Prefrontal synthesis (PFS, also known as mental synthesis) is the conscious purposeful process of synthesizing novel mental images. PFS is neurologically different from the other types of imagination, such as simple memory recall and dreaming. Unlike dreaming, which is spontaneous and not controlled by the prefrontal cortex (PFC), PFS is controlled by and completely dependent on the intact lateral prefrontal cortex. Unlike simple memory recall that involves activation of a single neuronal ensemble (NE) encoded at some point in the past, PFS involves active combination of two or more object-encoding neuronal ensembles (objectNE). The mechanism of PFS is hypothesized to involve synchronization of several independent objectNEs. When objectNEs fire out-of-sync, the objects are perceived one at a time. However, once those objectNEs are time-shifted by the lateral PFC to fire in-phase with each other, they are consciously experienced as one unified object or scene.

==History of the term==

The earliest reference to mental synthesis is found in the doctoral dissertation of S. J. Rowton written in 1864. Paraphrasing Cicero's description of nature that can only be unified in someone's mind, S. J. Rowton writes: "... there cannot be one thing unless by a mental synthesis of many things or parts ..."

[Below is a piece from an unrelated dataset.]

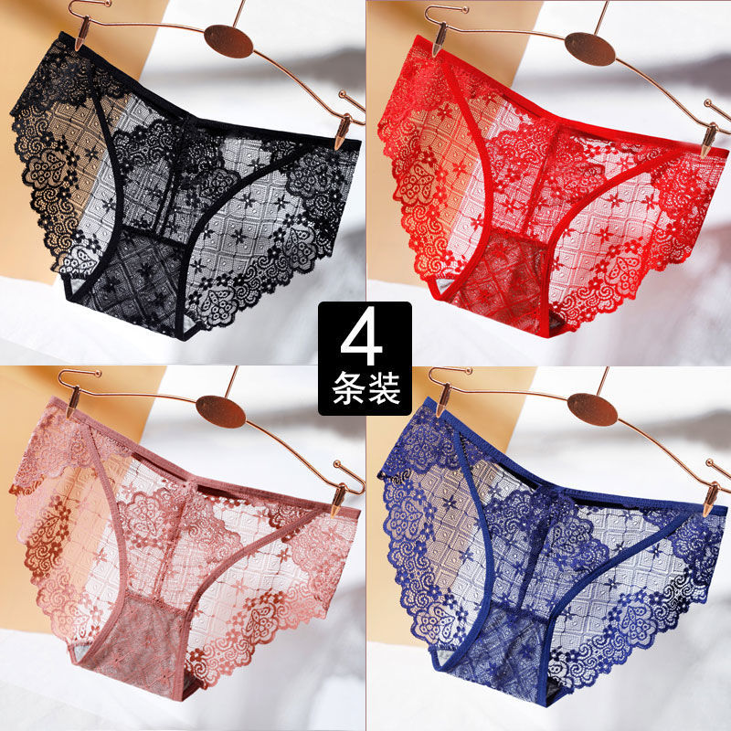 4 pieces of underwear, feminine charm, breathable and hot cotton, antibacterial crotch lace, non-marking transparent low-rise briefs

In the 20th century the term mental synthesis was often used in psychology to describe the experiments of combinatorial nature. In a common experimental setup, subjects are instructed to mentally assemble the verbally described shapes in various ways. For example, the shapes may have been the capital letters 'J' and 'D', and the subject would then be asked to combine them into as many objects as possible, with size being flexible. A suitable answer in this example would be: an umbrella. The performance in this task is then quantified by counting the number of legitimate patterns that participants construct using the presented shapes.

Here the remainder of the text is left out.